VBM recommendations can help manage a resident's symptoms in the LTC and avoid admission to the SDU.
In Robert's case, adjusting his medications helped address the feelings leading to his verbal outbursts.
"Robert was getting agitated because he was feeling anxious," says Lynn.
Developing new models of collaboration
"Every behaviour is a response to something else. If we can figure out why a patient is feeling anxious, scared or resistant to care, we can respond and help manage those behaviours."
The team members at Toronto Rehab say they know their work is done when the LTC staff feel armed with effective behavioural strategies, and the intensity and frequency of a patient's responsive behaviours have reduced to the point where they no longer require one-on-one attention in LTC.
They also feel good knowing staff in the LTC feel supported.
"We see ourselves as complimentary to their work – walking with them, as they embrace our suggestions and try new things," says Lynn.
Robert's success story demonstrates what is possible through partnerships within the health care community.
"We are proud to expand Baycrest's VBM program through this new partnership with Toronto Rehab," says Scott Ovenden, President and CEO, Baycrest Hospital and Long-Term Care Home.

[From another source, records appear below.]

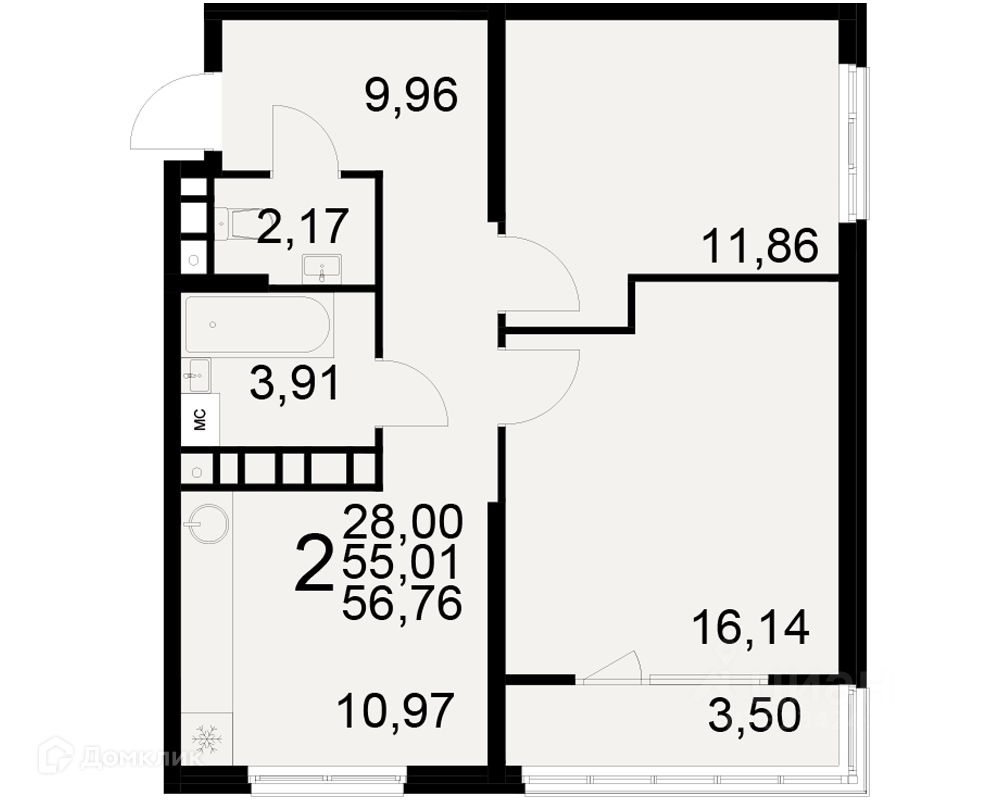 2 комн. квартира в ЖК Радости жизни, площадь 56.76 м², жилая 28 м², кухня 10.97 м²
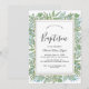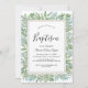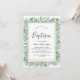 Cette invitation au baptême de verdure estivale est parfaite pour un élégant baptême de bébé du milieu de l'été. Le design botanique présente un agencement luxuriant d'eucalyptus aquarelés peints à la main, de verdure et de feuilles verts vibrants, évoquant une atmosphère fraîche et naturelle. Avec son esthétique sereine et sophistiquée, cette invitation donne le ton d'une célébration mémorable et significative. Entièrement personnalisable pour correspondre à votre style.
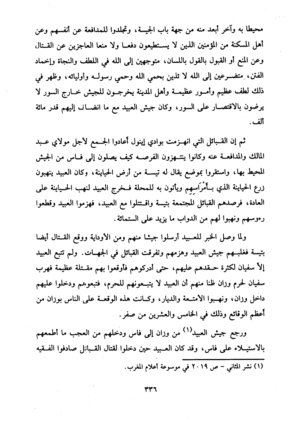 ورجع جيش العبيد (¬1) من وزان إلى فاس ودخلهم من العجب ما أطمعهم بالاستيلاء على فاس، وقد كان العبيد حين دخلوا لقتال القبائل صادفوا الفقيه

"The growth of this sector-leading program showcases the collaborative relationship with our system partners and our unified goal to provide innovative solutions for more individuals living with dementia."
It's also a reflection of the impact programs such as the VBM can have on the patient experience, hospital capacity and expertise within an LTC environment.
"This new, innovative service has the potential to support more patients with dementia and responsive behaviours in their long-term care home and over time to build the skills and capacity of long-term care staff," says Dr. Iaboni.